The morphology of NB-GNs was examined using transmission electron microscopy (TEM) (HT7700, Hitachi, Tokyo, Japan). The Raman spectra were measured on a RamanScope SENTERRA II (Bruker) with 532 nm excitation wavelength laser. For Raman measurements, the samples were deposited onto the glass substrate and recorded using a thermoelectric-cooled CCD array detector (Andor, DU420A-OE-152). The Raman signal was transferred through a 50 μm slit of a spectrometer and the spectral resolution of the spectrograph at 4 cm−1 across the Raman data acquired.
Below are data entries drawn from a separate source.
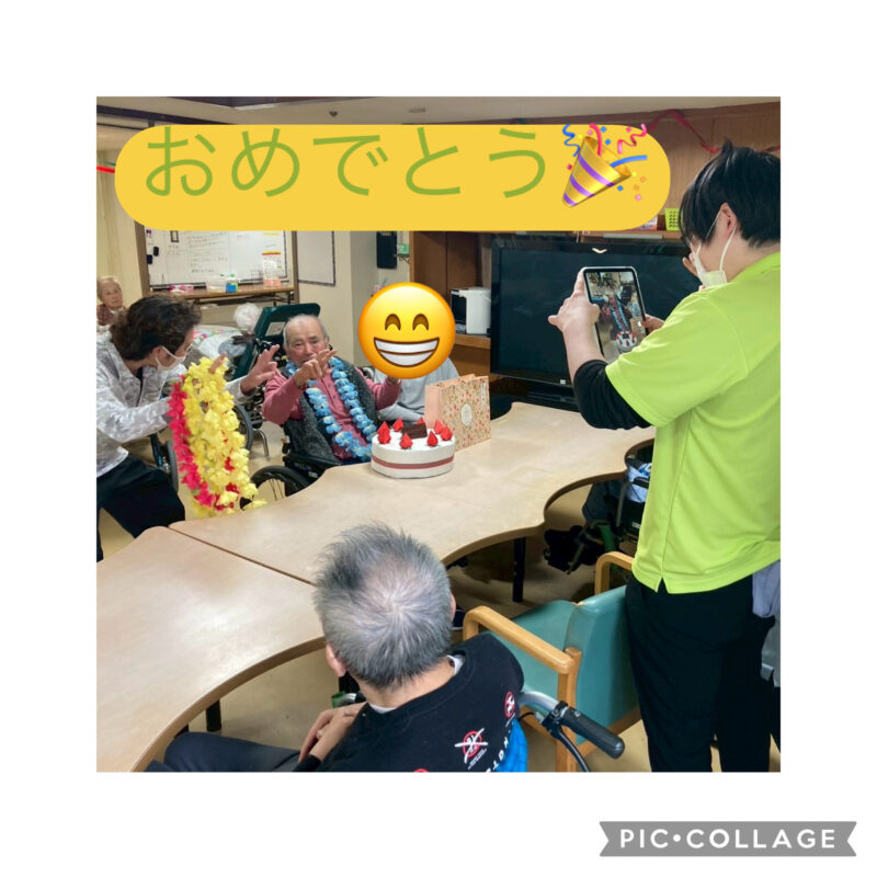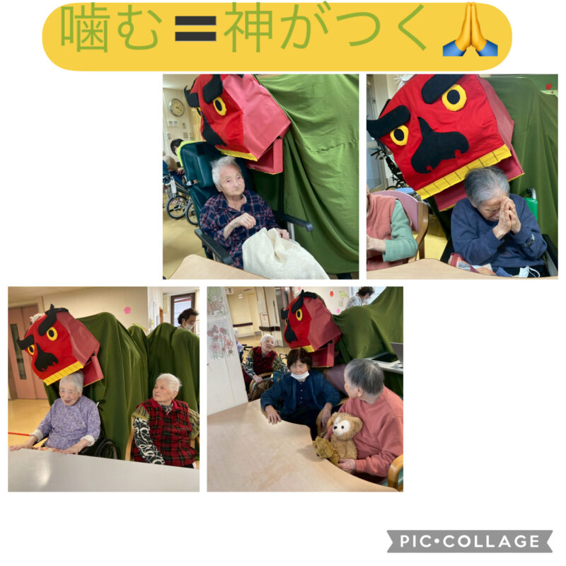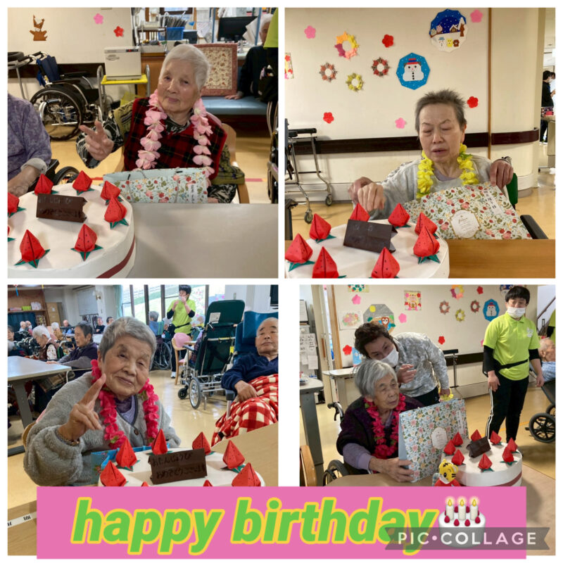 12月、1月生まれの方の合同誕生会を行いました。会の途中で突然、獅子舞が登場し皆様びっくり‼️
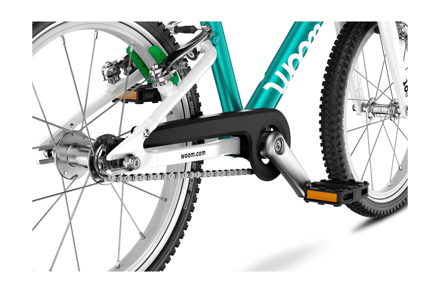 Woom GO 3 přijíždí s vysoce kvalitními koly, která byla pečlivě navržena do posledního detailu. Lehké pláště Schwalbe zvládnou jízdu na štěrku, asfaltu i v lehkém terénu. Mají reflexní pruh, díky kterému bude dítě vidět i za šera.
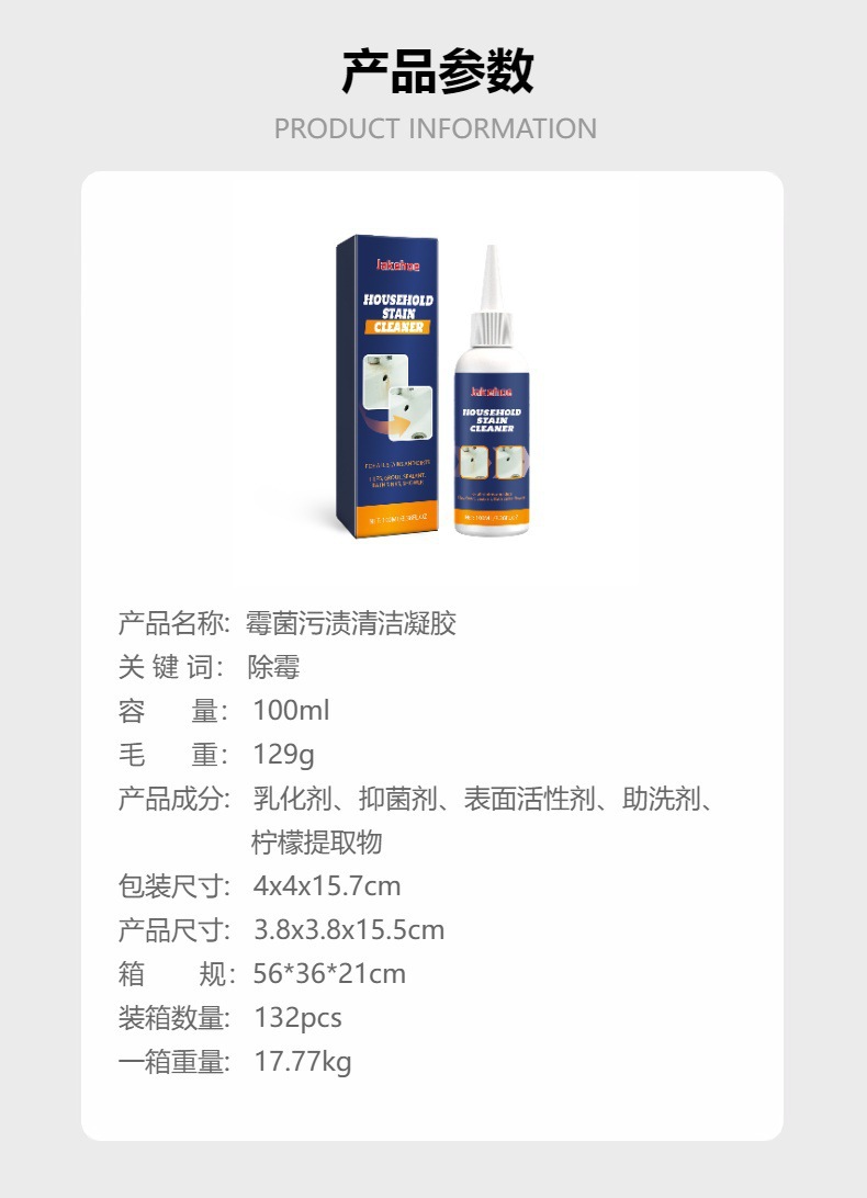 Jakehoe 霉菌污渍清洁凝胶 家用门窗墙面瓷砖缝隙除霉去污清洁剂专供出口 English | 投诉
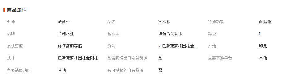 菠萝格; 柚木; 第伦桃; 黄芸香; 山樟木; 大匹马; 柳桉木; 榄仁木; 阿摩栋; 冰糖果; 重蚁木; 巴劳木; 巴蒂木; 红铁木; 唐木; 银口; 奥坎; 油花梨; bk; 杂木;
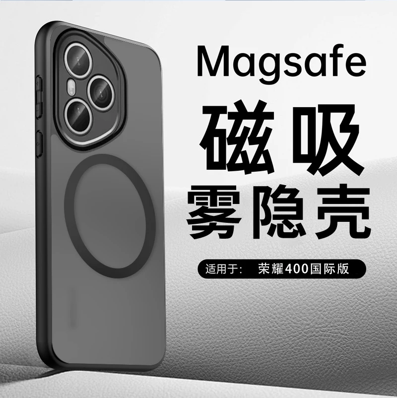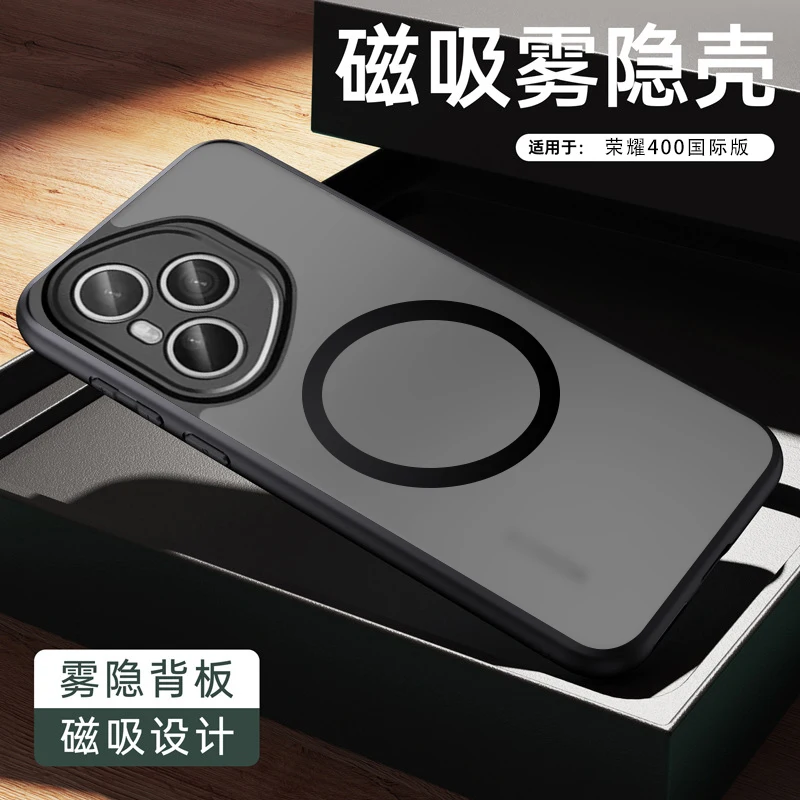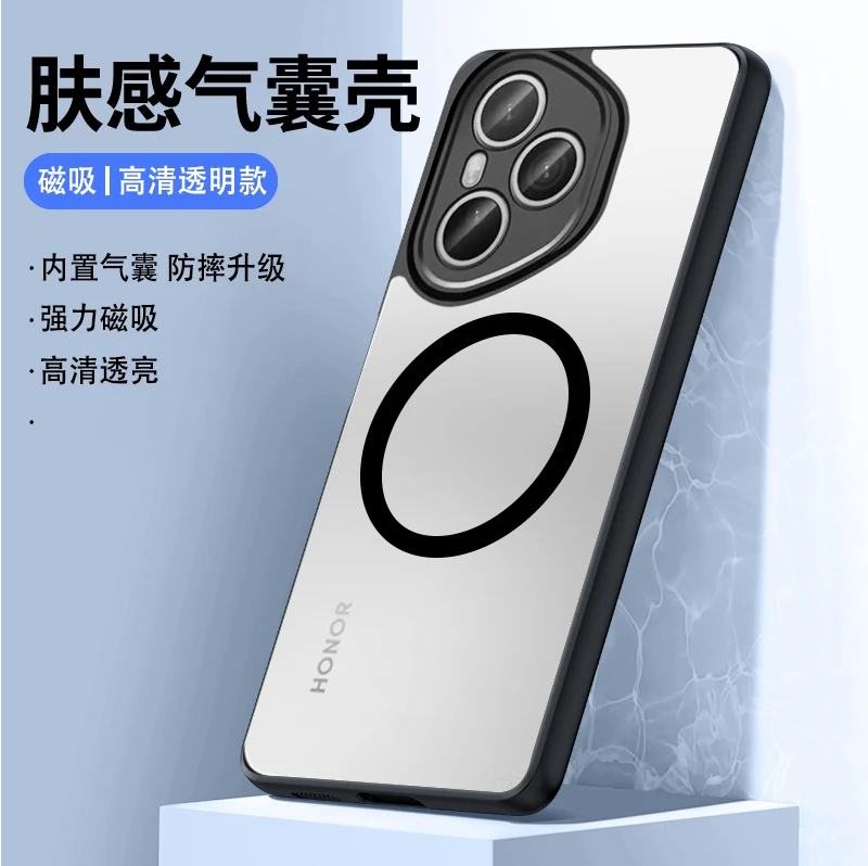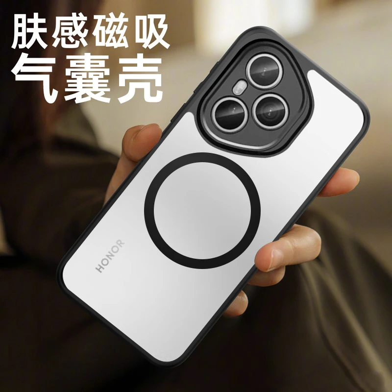 Funda Magsafe para Honor 400 Pro, Airbag magnético absorbente de piel, cubierta negra transparente anticaída para Huawei Honor 400 Pro
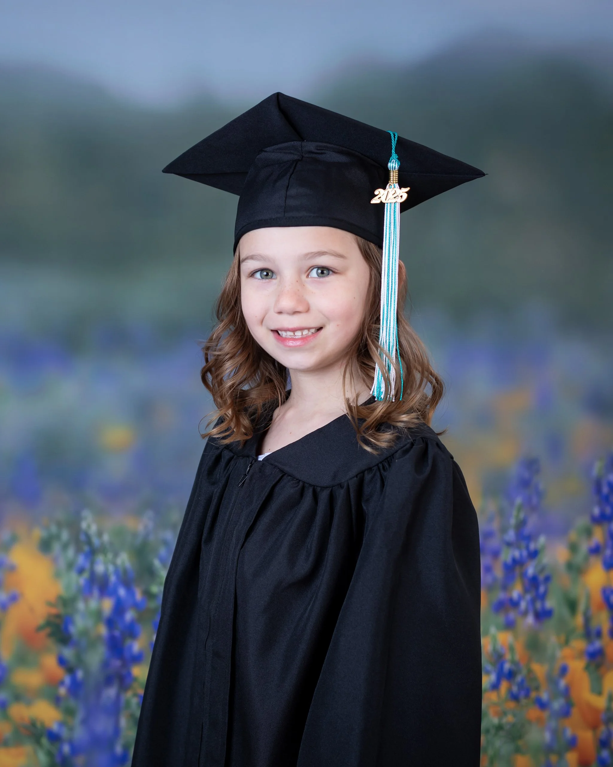 Kindergarten size and high school size caps, gowns, and tassels will be available to borrow for additional poses and photos. Feel free to bring your own graduation set if you would like.

The spectral acquisition time was 5 s for all the samples with the 2 accumulations averaged with a laser-power of 3 mW, 20× objective lens. The high-resolution X-ray photoelectron spectroscopy (XPS) measurements were carried out on a PHI Quantera SXM spectrometer (ULVAC Inc., Kanagawa, Japan), and PF4 software was used for the deconvolution of the narrow-scan XPS spectra. XPS was performed with a monochromatic Al Ka source (25 W, hυ = 1486.6 eV) and an energy resolution of 1 eV.
Results and Discussion
In the SLPE experiment, graphite rod was used as a point high-voltage electrode and a Pt sheet was used as a planar ground electrode, as shown in Figure 1A. The powder XRD pattern of graphite and exfoliated graphite as shown in Figure 1B. The exfoliated amorphous nano-carbon (Figure 1B, spectrum b-d) shows the increasing the 2θ value of (002) with contraction of the interlayer space when compared with that of pristine graphite (Figure 1B spectrum a). This contraction of the interlayer spacing was observed only for the amorphous nano-carbon samples (Figure 1B, spectrum b-d) because of the high plasma voltage (refer experimental section) were applied during the exfoliation. The plasma was produced only at this high discharge voltage due to the presence of high boron concentration in the precursor mixture solution, which certainly increases the conductivity of the reaction mixture (Gupta, 1981; Sokolov et al., 1984; Ka and Oh, 2008). Such a high-applied discharge plasma voltage could cause the contraction in the interlayer of as produced amorphous nano-carbon. The XRD peak at around 26.4 (2θ) is due to (002) lattice plane of graphite structure it goes lattice contraction with decreasing intensity of (002) plane as the concentration of boron decreased from 5 to 1 mM in 0.77 mol ACN (Figure 1B spectrum b to d). Also, the full width at a half maximum of 002 peak decreases with the decreasing concentration of boron in the ACN mixtures, as a result the intensity of 002 planes at 26.9 (2θ) gradually diminished and, in turn, showed a broad XRD feature between the 20-30 (2θ) where the graphitic peak at 26.9 (2θ) was absent, suggesting that a few-layered NB-NGs were produced, as the concentration of boron was 0.1 mM.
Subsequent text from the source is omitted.